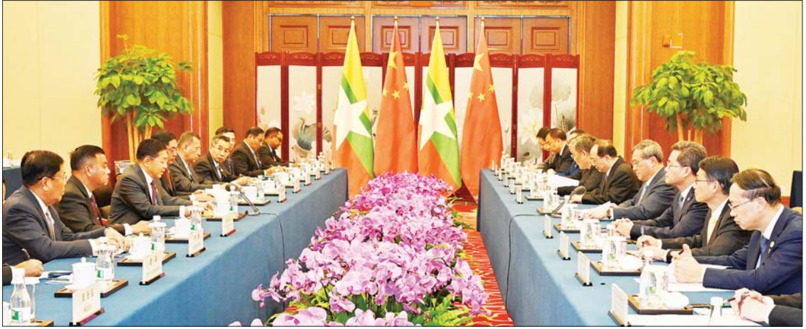
နိုင်ငံတော်စီမံအုပ်ချုပ်ရေးကောင်စီဥက္ကဋ္ဌ နိုင်ငံတော်ဝန်ကြီးချုပ် ဗိုလ်ချုပ်မှူးကြီး မင်းအောင်လှိုင်နှင့် တရုတ်ပြည်သူ့သမ္မတနိုင်ငံ ဝန်ကြီးချုပ် H.E. Mr. Li Qiang တို့ တွေ့ဆုံဆွေးနွေးစဉ်။

နေပြည်တော် နိုဝင်ဘာ ၆ တရုတ်ပြည်သူ့သမ္မတနိုင်ငံ အစိုးရ၏ ဖိတ်ကြားချက်အရ ထိပ်သီးအစည်းအဝေးများ တက်ရောက်ရန် တရုတ်ပြည်သူ့သမ္မတနိုင်ငံ၌ ရောက်ရှိနေသည့် နိုင်ငံတော် စီမံအုပ်ချုပ်ရေးကောင်စီဥက္ကဋ္ဌ နိုင်ငံတော်ဝန်ကြီးချုပ် ဗိုလ်ချုပ်မှူးကြီး မင်းအောင်လှိုင်သည် တရုတ်ပြည်သူ့သမ္မတနိုင်ငံ ဝန်ကြီးချုပ် H.E. Mr. Li Qiang နှင့်အဖွဲ့အား ယနေ့မွန်းလွဲပိုင်းတွင် တရုတ်ပြည်သူ့သမ္မတနိုင်ငံ ကူမင်းမြို့ရှိ Haigeng Garden Hotel ၌ တွေ့ဆုံသည်။ ဦးစွာ နိုင်ငံတော်စီမံအုပ်ချုပ်ရေးကောင်စီဥက္ကဋ္ဌ နိုင်ငံတော် ဝန်ကြီးချုပ်အား စာမျက်နှာ ၅ ကော်လံ ၁ □
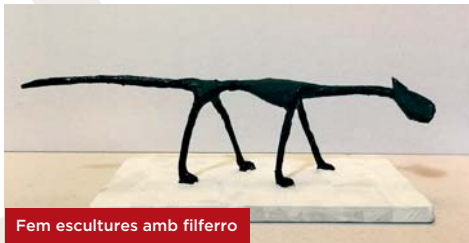
Fem escultures amb filferro
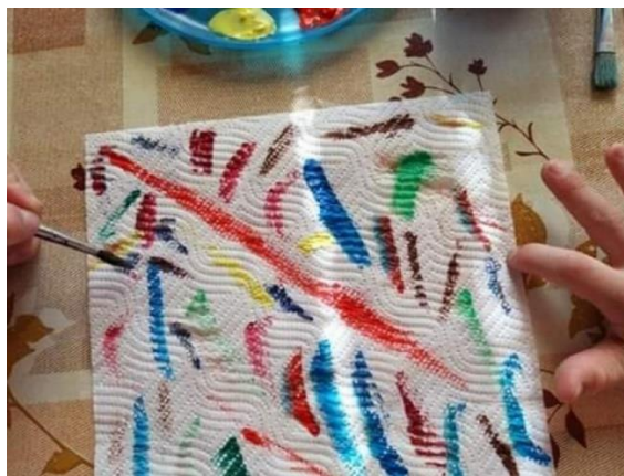
Příloha 11 BARVENÍ PAPIROVÉ UTĚRKY

────────────────

▶ [Goal of the exercise] I need the lines from the line containing "နေပြည်တော် နိုဝင်ဘာ ၆" through the final line of the listing duplicated exactly, both ends included, with no pictures and nothing else.

▶ [Completed exercise]
နေပြည်တော် နိုဝင်ဘာ ၆ တရုတ်ပြည်သူ့သမ္မတနိုင်ငံ အစိုးရ၏ ဖိတ်ကြားချက်အရ ထိပ်သီးအစည်းအဝေးများ တက်ရောက်ရန် တရုတ်ပြည်သူ့သမ္မတနိုင်ငံ၌ ရောက်ရှိနေသည့် နိုင်ငံတော် စီမံအုပ်ချုပ်ရေးကောင်စီဥက္ကဋ္ဌ နိုင်ငံတော်ဝန်ကြီးချုပ် ဗိုလ်ချုပ်မှူးကြီး မင်းအောင်လှိုင်သည် တရုတ်ပြည်သူ့သမ္မတနိုင်ငံ ဝန်ကြီးချုပ် H.E. Mr. Li Qiang နှင့်အဖွဲ့အား ယနေ့မွန်းလွဲပိုင်းတွင် တရုတ်ပြည်သူ့သမ္မတနိုင်ငံ ကူမင်းမြို့ရှိ Haigeng Garden Hotel ၌ တွေ့ဆုံသည်။ ဦးစွာ နိုင်ငံတော်စီမံအုပ်ချုပ်ရေးကောင်စီဥက္ကဋ္ဌ နိုင်ငံတော် ဝန်ကြီးချုပ်အား စာမျက်နှာ ၅ ကော်လံ ၁ □
Fem escultures amb filferro
Příloha 11 BARVENÍ PAPIROVÉ UTĚRKY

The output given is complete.